Quelques pages de bande dessinée de temps en temps.

Une critique essayant d'être intéressante à cette occasion.

Un aspect particulier de la bande dessinée à chaque critique.


jeudi 6 mars 2014

La bande dessinée se fait un nom de scène.

Abel Lanzac, Christophe Blain et Clémence Sapin continuent sur leur lancée et nous montrent que, donner un nom bizarro-rigolo à un personnage est lourd de conséquences.


Abel Lanzac & Christophe Blain & Clémence Sapin, Quai d'Orsay, Dargaud.

Si un personnage qui reçoit un nom de famille réaliste s'inscrit dans un monde (relativement) réaliste, un personnage qui, lui, reçoit un nom fantaisiste, ou bizarre, ou simplement ridicule, va sans doute évoluer dans un univers beaucoup plus foufou.

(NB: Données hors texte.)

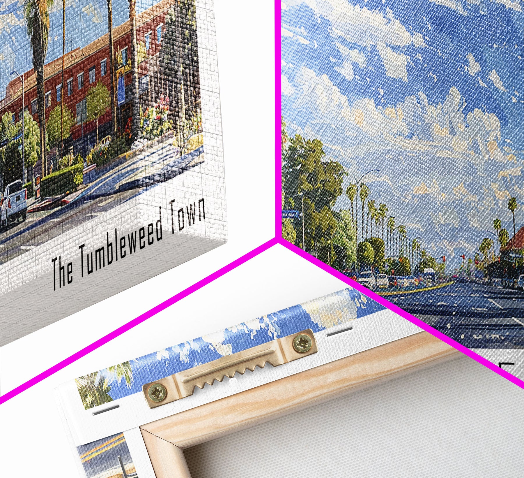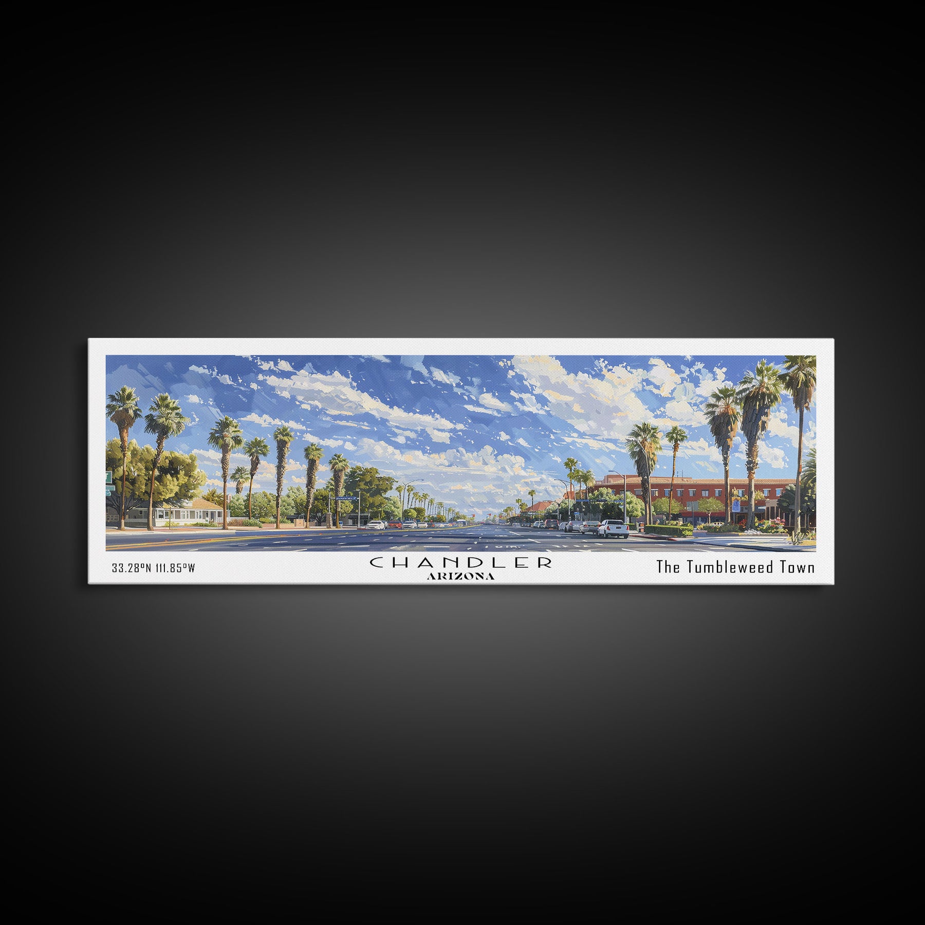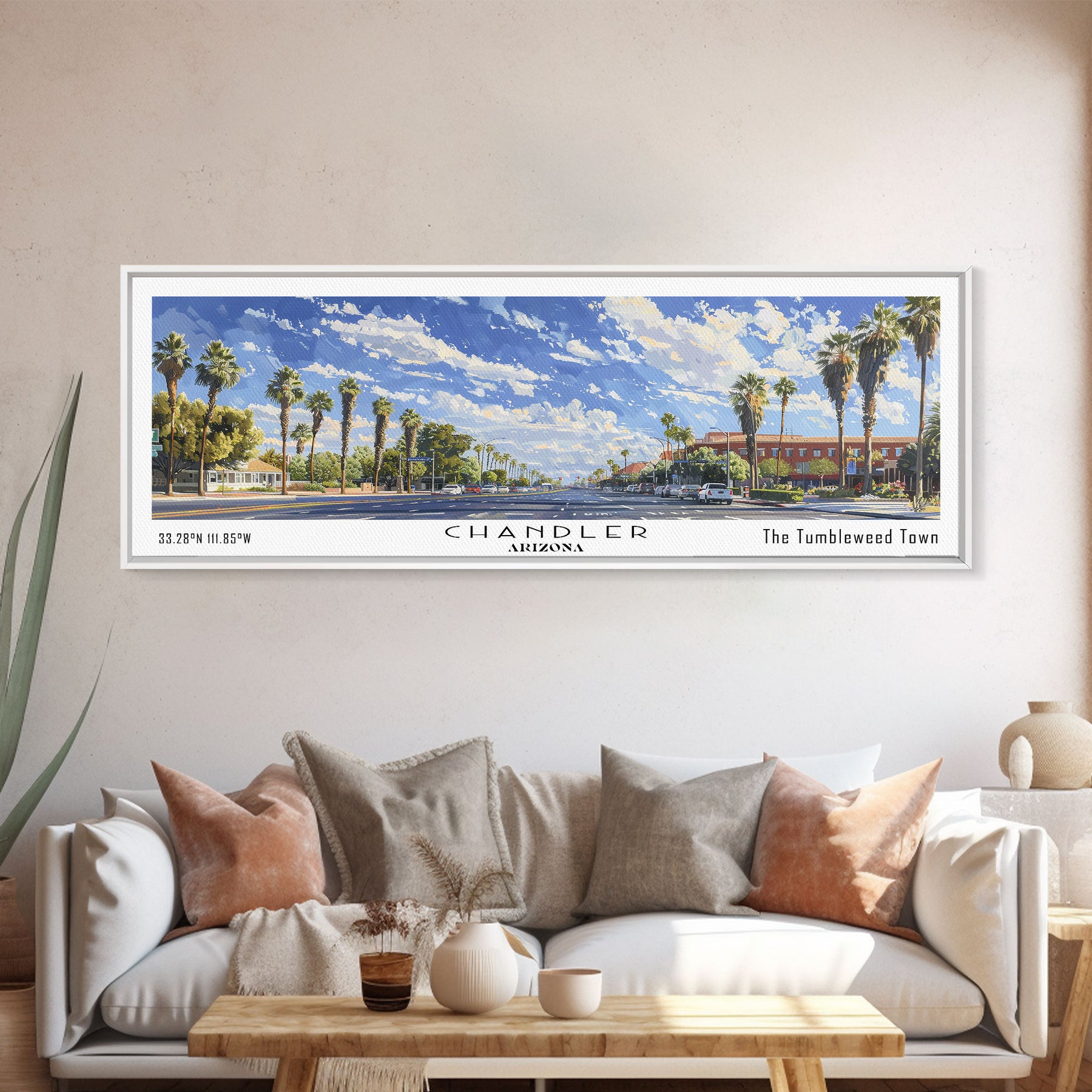 Chandler Arizona Panoramic Watercolor Painting Framed Canvas Print, Travel Poster Art, Home Decor, Vibrant Arizona Cityscape, Living Room Wall Art, Office Decoration, Gift for Art Lovers

Ces noms tout-sauf-réalistes peuvent prendre différentes formes. La seule chose qui compte est qu'il ne doivent absolument pas ressembler au nom de votre boucher.

IL Y A LES « FAUX NOMS QUI SONNENT COOL ».

Près de chez nous, on peut citer le cas de « Mike Steve Blueberry », qui aurait paru beaucoup moins sexy s'il s'était appelé « Mike Steve Shelton », « Mike Steve Fly », ou même « Mike Steve Donovan ». Le but de ce nom est de prendre quelques libertés avec la réalité, pour que le personnage fasse un gain +20 en charisme. Se la péter grave avec un nom classe, et espérer que cette classe rejaillisse sur le personnage.

Mike Steve LaClasseAméricaine.

La liberté que les auteurs prennent dans leurs récits (pour les rendre over-the-top) se reflète dans la liberté du nom qu'ils ont choisi (qui rend le personnage over-the-top) (et capable de survivre à 258 gunfights et poursuites contre 3659 indiens et chasseurs de prime, le tout sans la moindre goutte d'eau, en plein désert Navajo, alors que le président des Etats-Unis va être assassiné dans deux heures et à 6000 km de là).

On ne peut pas dire que ce qui menace les personnages soit l'usure d'un quotidien terne et sans éclat.

De fait, plus le récit quittera les rives du réalisme (ou plus le récit se moquera d'être réaliste ou non), plus les auteurs auront une gamme étendues de noms bizarro-rigolos dans lesquels piocher.

CE QUI NOUS AMÈNE AUX SUPER-HÉROS.

Le petit Stan Lee avait trouvé un truc imparable pour faire claquer ses noms : les allitérations. 

« Pepper Potts »«Reed Richard»« Sue Storm »« Bruce Banner »« Peter Parker »« Matt Murdock » (« Matt Michael Murdock », même), l'objectif de ces allitérations est simple : que le nom du personnage ait un impact fort, que l'on sente, dès que l'on fait connaissance avec lui, toute la détermination, et, pour tout dire, tout l'héroïsme de ce... euh... bin de ce héros.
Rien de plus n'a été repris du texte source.